А у Да Винчи худоба — это болезнь и мука. И было так вплоть романтиков и аристократов XIX века с их культом благородной смерти, а не счастливой жизни. Но победили они не сразу. Еще у нашего послевоенного поколения «плотный» и «дородный» означало: «успешный». В Штатах, которые голода не знали, было, на удивление, точно так же. В третьем мире, от Афганистана через Мавританию и до Самоа даже не толстым следовало быть, а именно заплывшим жиром — и это означало, что у тебя все в порядке. На Таити, например, еще полвека назад было принято женщин «ожирять» (to fatter): запираешь на год, кормишь на убой, двигаться не позволяешь — и выйдет из хижины красавица, которую только королю в жены!

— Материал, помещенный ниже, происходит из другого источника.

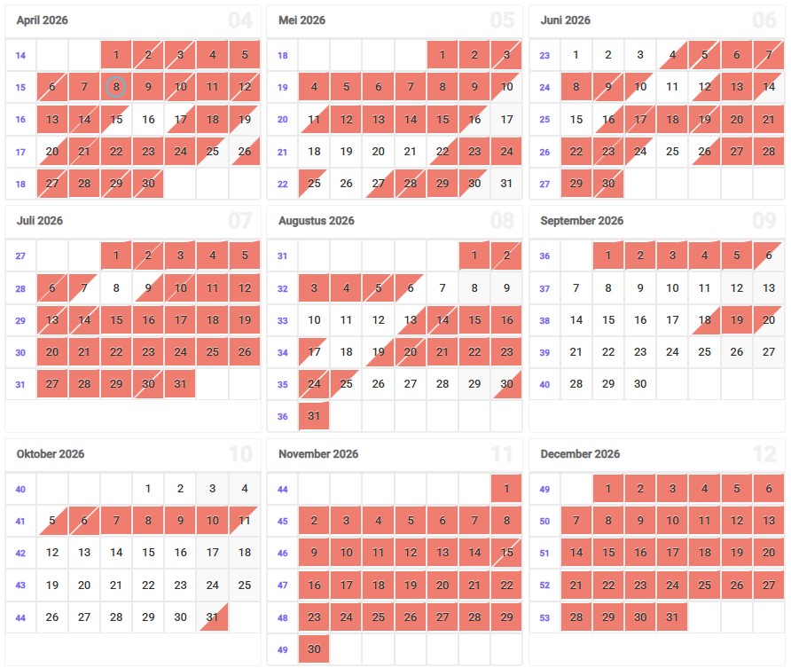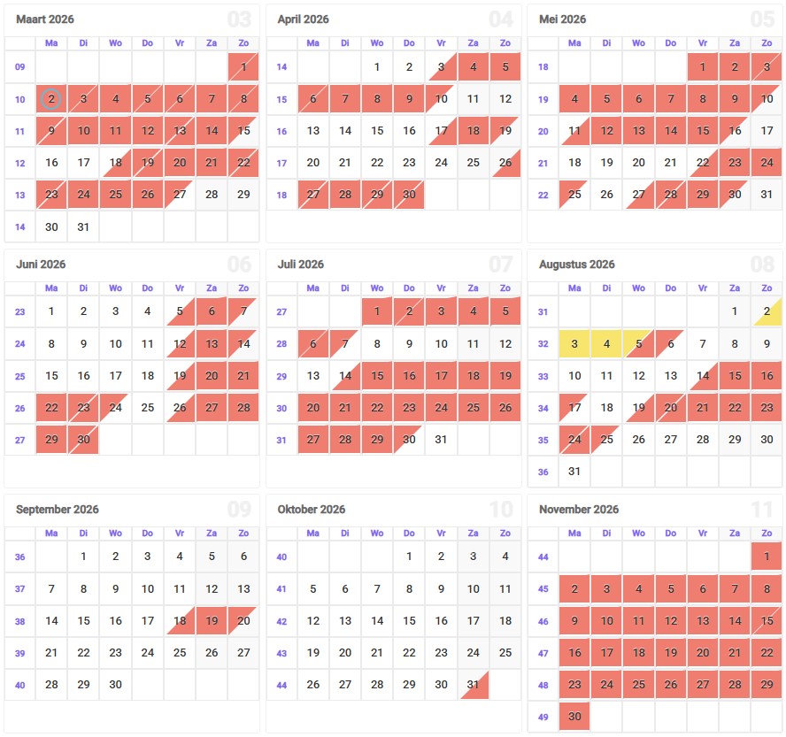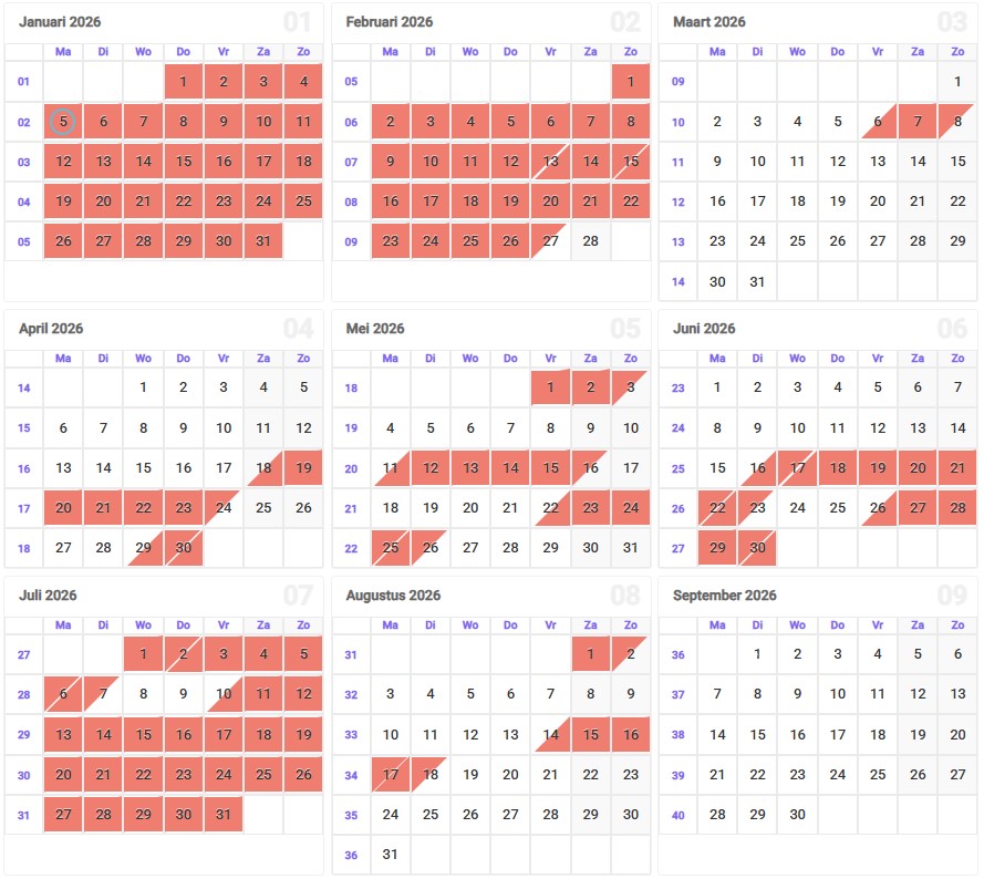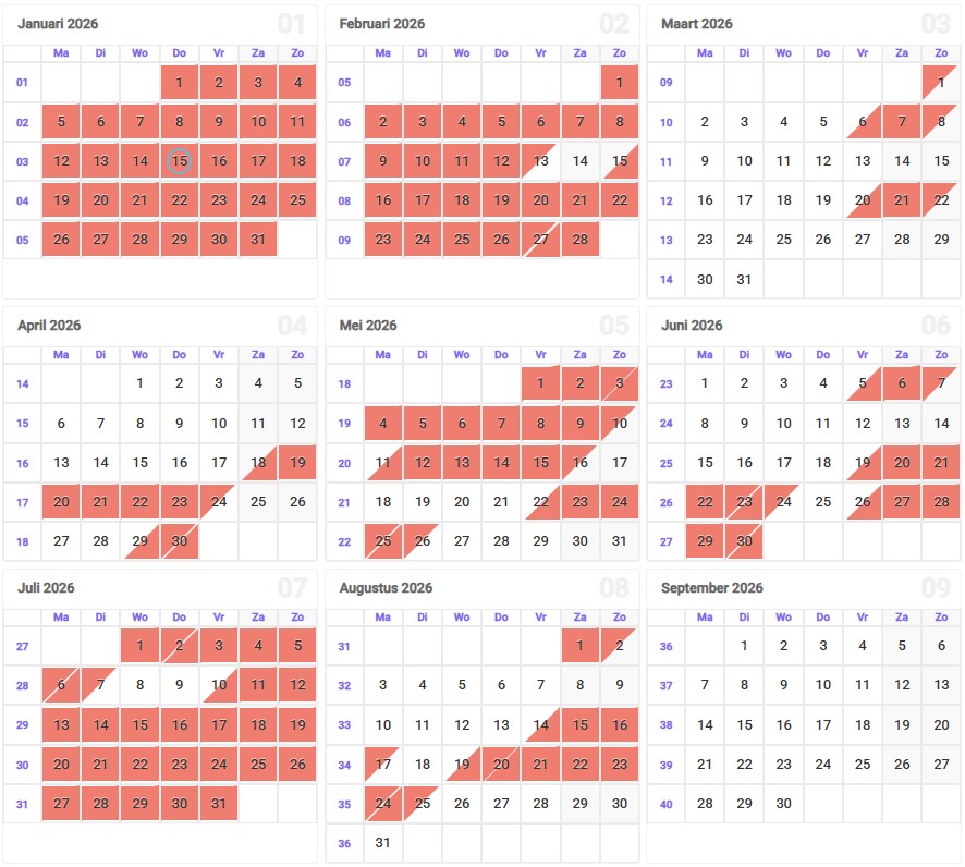 ** paasvakantie: van vrijdag 3 april 2026 tem zondag 19 april 2026

Говорят, причиной культурного переворота, который сделал толстых париями, была эпидемия ожирения, которая случилась после Второй мировой: будто бы тогда врачи и вытравили в обществе всякую симпатию к дородным. Причем, перестарались и даже внушили антипатию. На самом деле, переворот совершался исподволь и занял два столетия. Ну, и понятийную матрицу перепаяли, конечно: это ж как надо было поработать, чтобы слово «худой» приобрело нейтральный и даже, скорее, позитивный смысл? Истинно говорю вам: в худые времена мы родились, коли рядимся худую одежку превратных мнений насчет худого и доброго!